Jeremiah

Jeremiah 1:1-10

The Lord sovereignly calls, authorizes, and strengthens Jeremiah to speak His covenantal word of judgment and hope to Judah and the nations.

Jeremiah 1:1-10 (WEB)

1 The words of Jeremiah the son of Hilkiah, one of the priests who were in Anathoth in the land of Benjamin.

2 Yahweh’s word came to him in the days of Josiah the son of Amon, king of Judah, in the thirteenth year of his reign.

3 It came also in the days of Jehoiakim the son of Josiah, king of Judah, to the end of the eleventh year of Zedekiah, the son of Josiah, king of Judah, to the carrying away of Jerusalem captive in the fifth month.

4 Now Yahweh’s word came to me, saying,

5 “Before I formed you in the womb, I knew you. Before you were born, I sanctified you. I have appointed you a prophet to the nations.”

6 Then I said, “Ah, Lord Yahweh!
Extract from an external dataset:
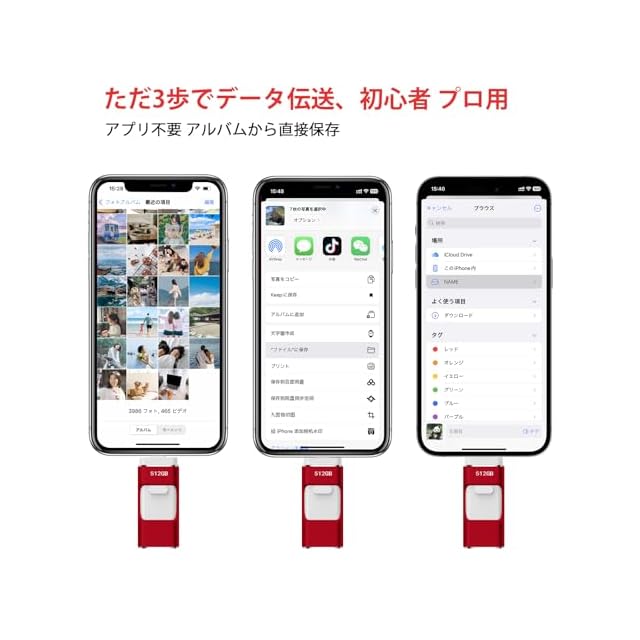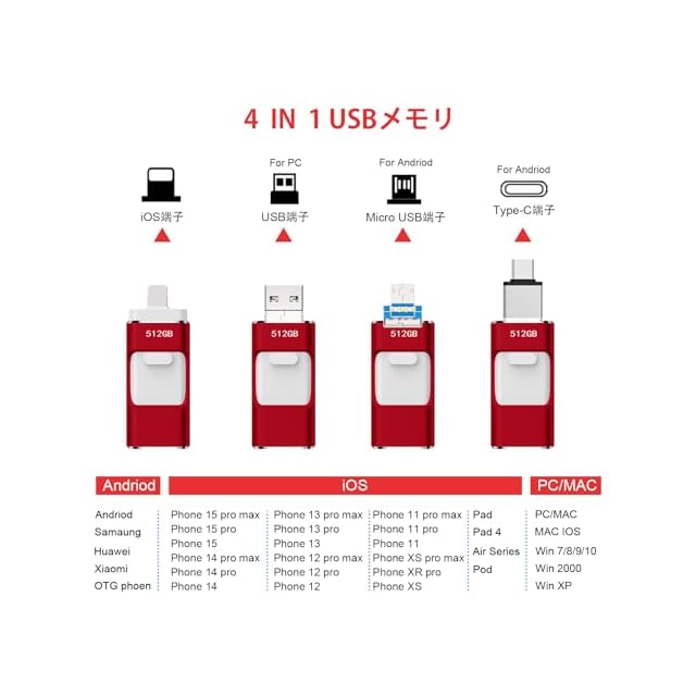 【多機種対応】 USBメモリ にはiOS、USB、type-c、micro USBの機種の接続タイプが4種も使用出来るので、PC/Android/MacBook/iOSで簡単にデータ バックアップです。 usbメモリはPhone 15 Pro Max/15 Pro/15 Plus/15/14 Pro Max/14 Pro/14 Plus/14/SE 3/13 Pro Max/13 Pro /13/13 mini /12 Pro Max/12 Pro/12 /SE 2 /11 Pro Max/11 Pro/11 /XR/XS Max/XS /X /8 Plus/8/i Pad Air(第1/2/3世代)/ MacBook(Pro/Air)/iPad mini(第1/2/3/4/5世代)/i Pad(第5/6/7/8/9世代)全シリーズ/ パソコン/ Type-Cスマホ/ Androidスマホ /タブレットなどとデータ移行 互換性のあるusbメモリ。

Behold, I don’t know how to speak; for I am a child.”

7 But Yahweh said to me, “Don’t say, ‘I am a child;’ for you must go to whomever I send you, and you must say whatever I command you.

8 Don’t be afraid because of them, for I am with you to rescue you,” says Yahweh.

9 Then Yahweh stretched out his hand, and touched my mouth. Then Yahweh said to me, “Behold, I have put my words in your mouth.

10 Behold, I have today set you over the nations and over the kingdoms, to uproot and to tear down, to destroy and to overthrow, to build and to plant.”

Central Idea

The LORD sovereignly calls, authorizes, and strengthens Jeremiah to speak His covenantal word of judgment and hope to Judah and the nations.

Authorial Intent

To establish Jeremiah as the LORD's divinely chosen prophet whose calling, authority, and message arise from God's sovereign initiative rather than human ambition, and whose ministry will confront nations and kingdoms with covenantal judgment and covenantal hope.

Literary Context

These opening verses function as the formal commissioning account for the book. They follow the superscription in Jeremiah 1:1-3, which places the prophet historically within the reigns of Josiah, Jehoiakim, and Zedekiah, and they prepare the reader for the whole shape of Jeremiah's ministry. What follows in the book repeatedly demonstrates the realities introduced here: Jeremiah will speak to Judah and Jerusalem under divine appointment, face resistance, announce judgment, expose false confidence, and still hold forth the LORD's purposes for restoration. The commissioning also anticipates later tensions in the book between true and false prophecy, divine word and human denial, covenant guilt and promised renewal.

Historical Context

Jeremiah ministered during the final decades of the kingdom of Judah, when Assyrian dominance had waned, Babylon was rising, and Judah's covenant unfaithfulness was ripening toward judgment. The passage's setting begins in the days of Josiah and extends into the years leading to Jerusalem's fall. Jeremiah's commissioning therefore belongs to a moment of reform efforts, persistent spiritual corruption, geopolitical instability, and impending covenant sanctions.

Chapter: Jeremiah 1

The LORD Calls Jeremiah as Prophet to the Nations

The LORD appoints Jeremiah before birth, gives him his word, and makes him stand against a rebellious people so that divine judgment and future hope may be faithfully proclaimed.